Presidential Brokerage Inc
The law offices of Gana LLP represents investors that have disputes with their financial advisors or brokerage firms, such as Presidential Brokerage Inc. The attorneys at Gana LLP can analyze your investments to determine if there was actionable misconduct by the broker or brokerage firm. Many investors do not realize when their financial advisor engages in securities misconduct, but there are steps that can be taken to recover losses. There are many different types of securities related misconduct including breach of fiduciary duty, failure to supervise, false representations, and churning.
Presidential Brokerage Inc is a brokerage firm that offers investment and advisory services to its clients. Presidential Brokerage Inc is also known as America's Retirement Store, in the locations California and Colorado.
Presidential Brokerage Inc - By the Numbers:
- CRD #:28784
- SEC #: 43930
- Regulatory Events: 1
- Customer Complaints: 4
- Employees: 27
Presidential Brokerage Inc - In the News:
NASD v. Presidential Brokerage Inc (Case #: E3A2002001601) - Presidential Brokerage Inc was fined $70,000 for allegedly misreporting customer complaints. The firm reported customer complaints with inaccurate information and later than the requirements mandate.
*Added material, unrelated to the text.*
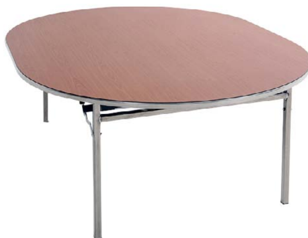
AFT 2015 2000 x 1500 mm Oval 19.6kg

Table trollies for round and trestle tables also available (see next page)

The firm lacked a proper supervisory system and its enforcement of NASD rules. This failure to properly supervise led to multiple registered representatives to employ trading strategies to customers located abroad. In addition, Presidential Brokerage Inc allegedly recommended the purchase mutual funds that were not economically beneficial to their clients.
FINRA v. Presidential Brokerage Inc (Case #: 14-01815) - Presidential Brokerage Inc was fined $654, 095.80 by FINRA due to their alleged breach of their fiduciary duty, breach of contract, unsuitability, negligence, and failure to supervise regarding a specific account.
NASD v. Presidential Brokerage Inc (Case #: 95- 01600) - The firm was fined $38, 351 for their alleged misrepresentation, suitability, breach of their fiduciary duty, and negligence of a client's account.